暂时没有 vd parameter 的指令intrinsic,都需要一个返回值。
未来该类型指令的intrinsic的使用方法可能会有变化,目前只是一个workaround版本。
vdsmacini.ssew = 8/16/32 none_m_preds[none,_m]
vint8mf8_t __riscv_xl_vdsmacini_x_i8mf8(int8_t rs1, size_t vl);
vint8mf4_t __riscv_xl_vdsmacini_x_i8mf4(int8_t rs1, size_t vl);
vint8mf2_t __riscv_xl_vdsmacini_x_i8mf2(int8_t rs1, size_t vl);
vint8m1_t __riscv_xl_vdsmacini_x_i8m1(int8_t rs1, size_t vl);
vint8m2_t __riscv_xl_vdsmacini_x_i8m2(int8_t rs1, size_t vl);
vint8m4_t __riscv_xl_vdsmacini_x_i8m4(int8_t rs1, size_t vl);
vint8m8_t __riscv_xl_vdsmacini_x_i8m8(int8_t rs1, size_t vl);
vint16mf4_t __riscv_xl_vdsmacini_x_i16mf4(int16_t rs1, size_t vl);
vint16mf2_t __riscv_xl_vdsmacini_x_i16mf2(int16_t rs1, size_t vl);
vint16m1_t __riscv_xl_vdsmacini_x_i16m1(int16_t rs1, size_t vl);
vint16m2_t __riscv_xl_vdsmacini_x_i16m2(int16_t rs1, size_t vl);
vint16m4_t __riscv_xl_vdsmacini_x_i16m4(int16_t rs1, size_t vl);
vint16m8_t __riscv_xl_vdsmacini_x_i16m8(int16_t rs1, size_t vl);
vint32mf2_t __riscv_xl_vdsmacini_x_i32mf2(int32_t rs1, size_t vl);
vint32m1_t __riscv_xl_vdsmacini_x_i32m1(int32_t rs1, size_t vl);
vint32m2_t __riscv_xl_vdsmacini_x_i32m2(int32_t rs1, size_t vl);
vint32m4_t __riscv_xl_vdsmacini_x_i32m4(int32_t rs1, size_t vl);
vint32m8_t __riscv_xl_vdsmacini_x_i32m8(int32_t rs1, size_t vl);
vdsmac.vv/vssew = 8/16/32 none_m_preds[none,_m]
Tip
intrinsic 的名字 参考 vdsmul.vv/vs intrinsic 的名字,只需要将 vdsmul 替换为 vdsmac 即可。
vdsmaco.vv/vssew = 8/16/32 full_preds
Tip
同上,只需要将 vdsmul 替换为 vdsmaco 即可
vlsb.vsew = 8/16/32 full_preds
Tip
intrinsic 的名字参考 vdsmacini.v intrinsic 的名字,只需要将 vdsmacini 替换为 vlsb 即可。
vconj.vsew = 8/16/32 full_preds
Tip
intrinsic 的名字参考 vdsmacini.v intrinsic 的名字,只需要将 vdsmacini 替换为 vconj 即可。
vdscmul.vv/vssew = 8/16/32 full_preds
Tip
intrinsic 的名字 参考 vdsmul.vv/vs intrinsic 的名字,只需要将 vdsmul 替换为 vdscmul 即可。

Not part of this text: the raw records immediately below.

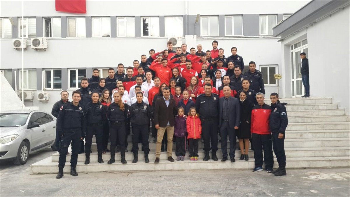 İZMİR (AA) - İzmir'de milli sporcular, İstanbul'daki terör saldırıları nedeniyle Çevik Kuvvet Şube Müdürlüğünü ziyaret etti.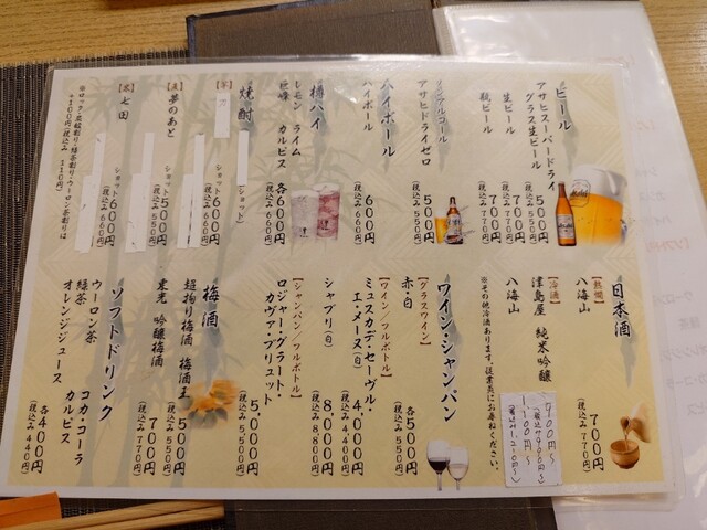 メニュー(2025/08) カウンターコース以外のメニューは2025/08/31 で終了となる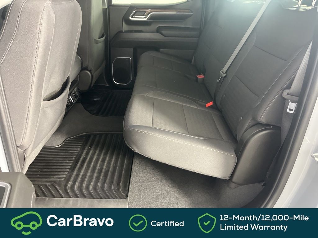 Clean CARFAX. CARFAX One-Owner. 8-Speed Automatic, 4WD, Black Cloth, 10-Way Power Driver Seat w/Lumbar, 12.3 Multicolor Reconfigurable Digital Display, 120-Volt Bed Mounted Power Outlet, 120-Volt Interior Power Outlet, 3.42 Rear Axle Ratio, 4-Wheel Disc Brakes, 40/20/40 Front Split-Bench Seat, 6 Speakers, 6-Speaker Audio System, ABS brakes, Air Conditioning, All-Star Edition, Alloy wheels, AM/FM radio: SiriusXM with 360L, Auto High-beam Headlights, Auto-Locking Rear Differential, Automatic Emergency Braking, Automatic temperature control, Bluetooth® For Phone, Brake assist, Bumpers: chrome, Chevrolet Connected Access Capable, Chrome Mirror Caps, Cloth Seat Trim, Color-Keyed Carpeting Floor Covering, Compass, Convenience Package, Deep-Tinted Glass, Delay-off headlights, Driver door bin, Driver vanity mirror, Dual front impact airbags, Dual front side impact airbags, Dual Rear USB Ports (Charge Only), Dual-Zone Automatic Climate Control, Electric Rear-Window Defogger, Electrical Steering Column Lock, Electronic Cruise Control, Electronic Stability Control, Following Distance Indicator, Forward Collision Alert, Front anti-roll bar, Front Center Armrest w/Storage, Front dual zone A/C, Front Frame-Mounted Black Recovery Hooks, Front Pedestrian Braking, Front reading lights, Front wheel independent suspension, Fully automatic headlights, HD Rear Vision Camera, Heated door mirrors, Heated Driver & Front Outboard Passenger Seats, Heated front seats, Heated Steering Wheel, Heated steering wheel, High Capacity Suspension Package, Hitch Guidance, Illuminated entry, IntelliBeam Automatic High Beam On/Off, Keyless Open & Start, Lane Keep Assist w/Lane Departure Warning, LED Cargo Area Lighting, Low tire pressure warning, Occupant sensing airbag, OnStar & Chevrolet Connected Services Capable, Outside temperature display, Overhead airbag, Overhead console, Panic alarm, Passenger door bin, Passenger vanity mirror, Power door mirrors, Power driver seat, Power Front Windows w/Driver Express Up/Down, Power Front Windows w/Passenger Express Down, Power Rear Windows w/Express Down, Power steering, Power windows, Premium audio system: Chevrolet Infotainment 3 Premium, Radio data system, Radio: Chevrolet Infotainment 3 Premium System, Rear 60/40 Folding Bench Seat (Folds Up), Rear reading lights, Rear step bumper, Rear window defroster, Remote keyless entry, Remote Vehicle Starter System, Security system, SiriusXM w/360L, Speed control, Speed-sensing steering, Split folding rear seat, Standard Suspension Package, Steering Wheel Audio Controls, Steering wheel mounted audio controls, Tachometer, Telescoping steering wheel, Theft Deterrent System (Unauthorized Entry), Tilt steering wheel, Traction control, Trailering Package, Trip computer, Variably intermittent wipers, Voltmeter, Wheels: 18 x 8.5 Bright Silver Painted Aluminum, Wheels: 20 x 9 Painted Aluminum, Wi-Fi Hot Spot Capable, Wrapped Steering Wheel, 8-Speed Automatic, 4WD, Black Cloth. Slate Gray Metallic 2024 Chevrolet Silverado 1500 LT 4WD 8-Speed Automatic 2.7L I4 Turbocharged DOHC 16V LEV3-SULEV30 310hp

vdscmulj.vv/vssew = 8/16/32 full_preds
Tip
intrinsic 的名字 参考 vdsmul.vv/vs intrinsic 的名字,只需要将 vdsmul 替换为 vdscmulj 即可。
vdscredsum.vsew = 8/16/32 full_preds
Tip
intrinsic 的名字参考 vdsmacini.v intrinsic 的名字,只需要将 vdsmacini 替换为 vdscredsum 即可。
vdscmac.vv/vssew = 8/16/32 none_m_preds[none,_m]
Tip
intrinsic 的名字 参考 vdsmul.vv/vs intrinsic 的名字,只需要将 vdsmul 替换为 vdscmac 即可。

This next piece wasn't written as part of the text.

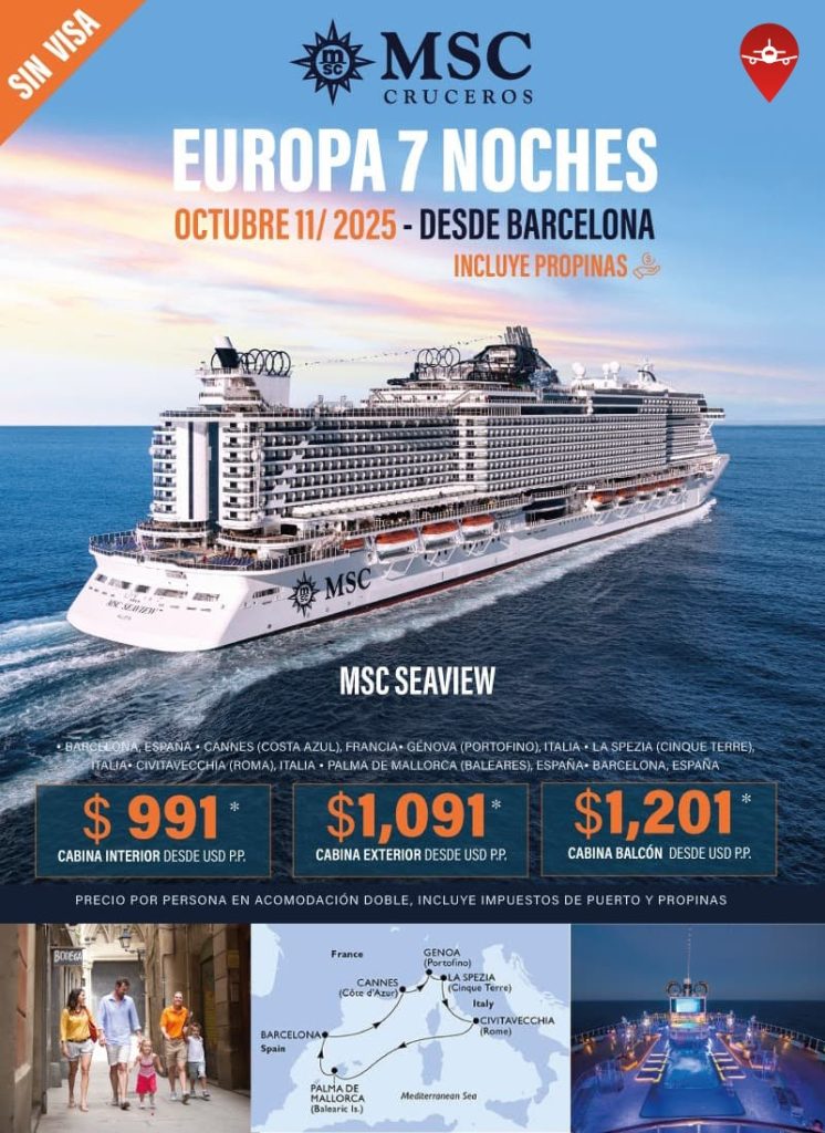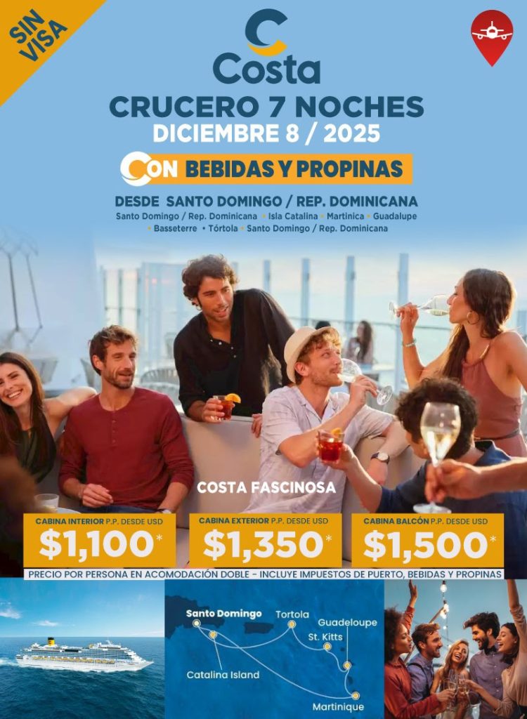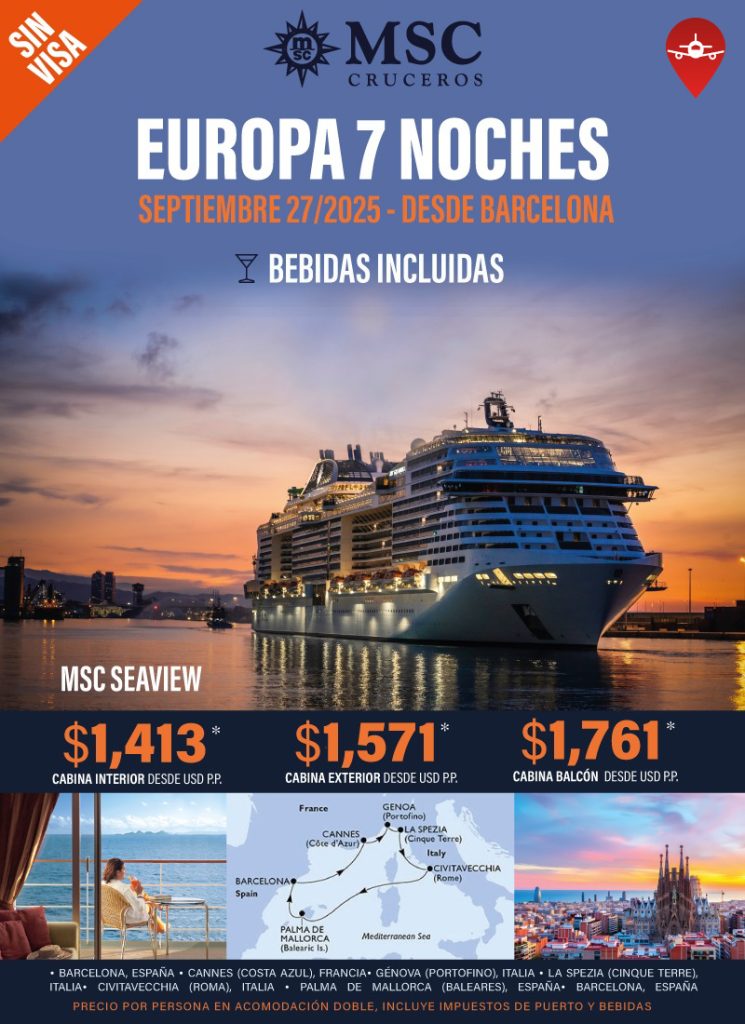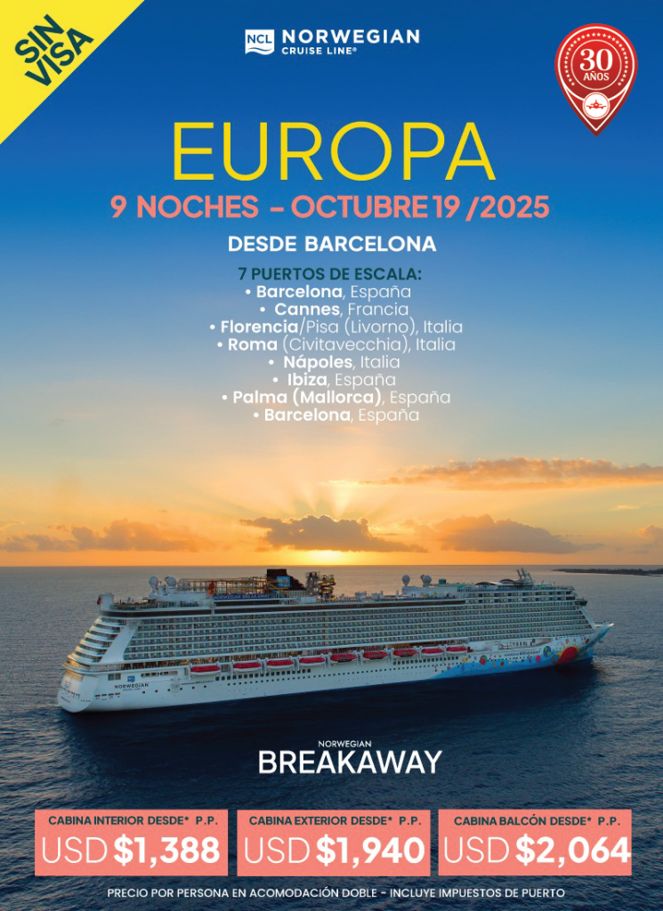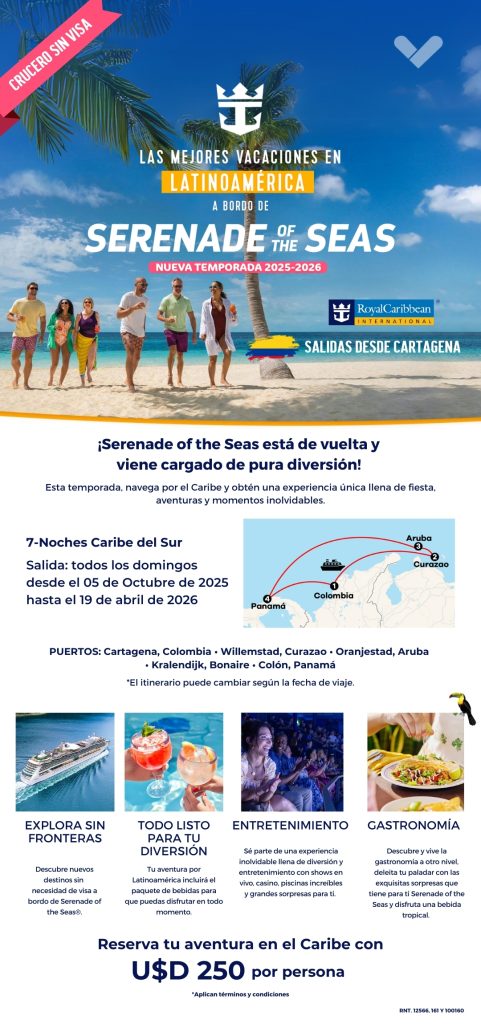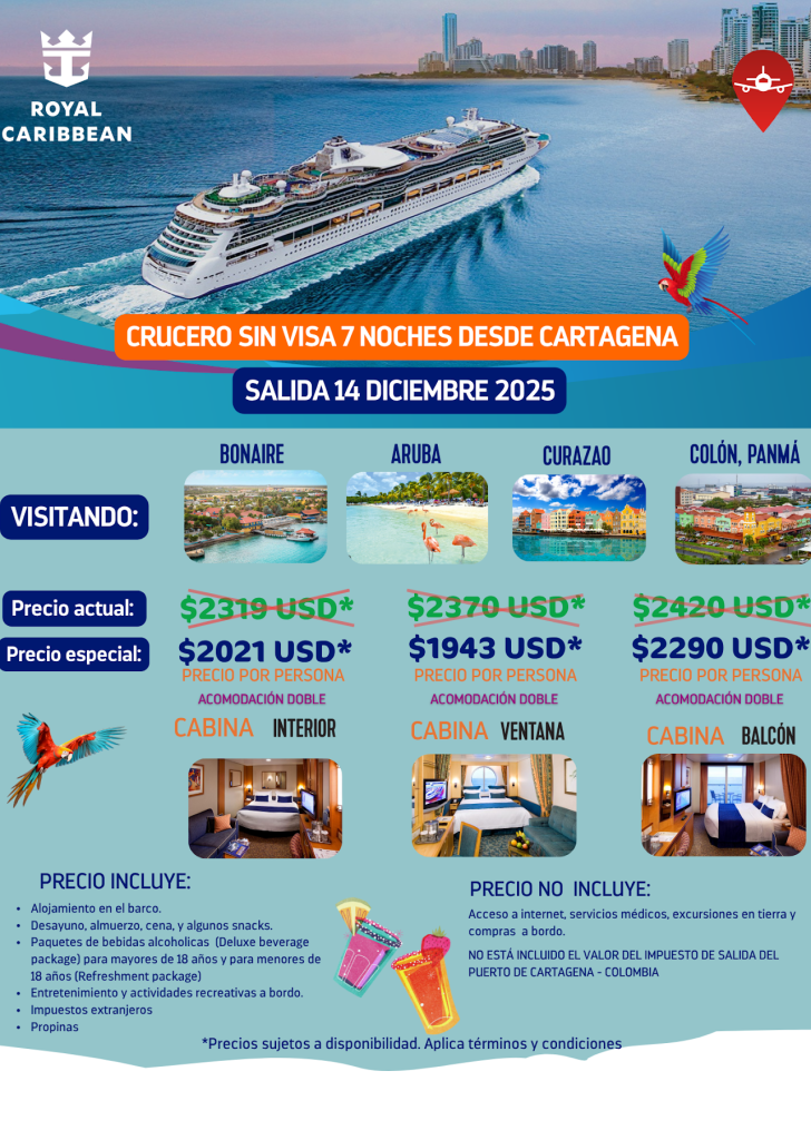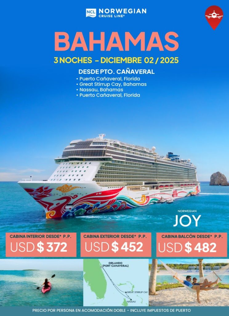 Vive la magia de recorrer el mundo en un crucero, disfruta de lo ancho del mar para experimentar la mejor experiencia a bordo por todo lo alto, rodeado de musica, actividades, shows, comida y un sin fin de alegria que haran de tu viaje un sueño inolvidable.

vdscmacj.vv/vssew = 8/16/32 none_m_preds[none,_m]
Tip
intrinsic 的名字 参考 vdsmul.vv/vs intrinsic 的名字,只需要将 vdsmul 替换为 vdscmacj 即可。
vdscmaco.vv/vssew = 8/16/32 full_preds
Tip
intrinsic 的名字 参考 vdsmul.vv/vs intrinsic 的名字,只需要将 vdsmul 替换为 vdscmaco 即可。
vdscmacjo.vv/vssew = 8/16/32 full_preds
Tip
intrinsic 的名字 参考 vdsmul.vv/vs intrinsic 的名字,只需要将 vdsmul 替换为 vdscmacjo 即可。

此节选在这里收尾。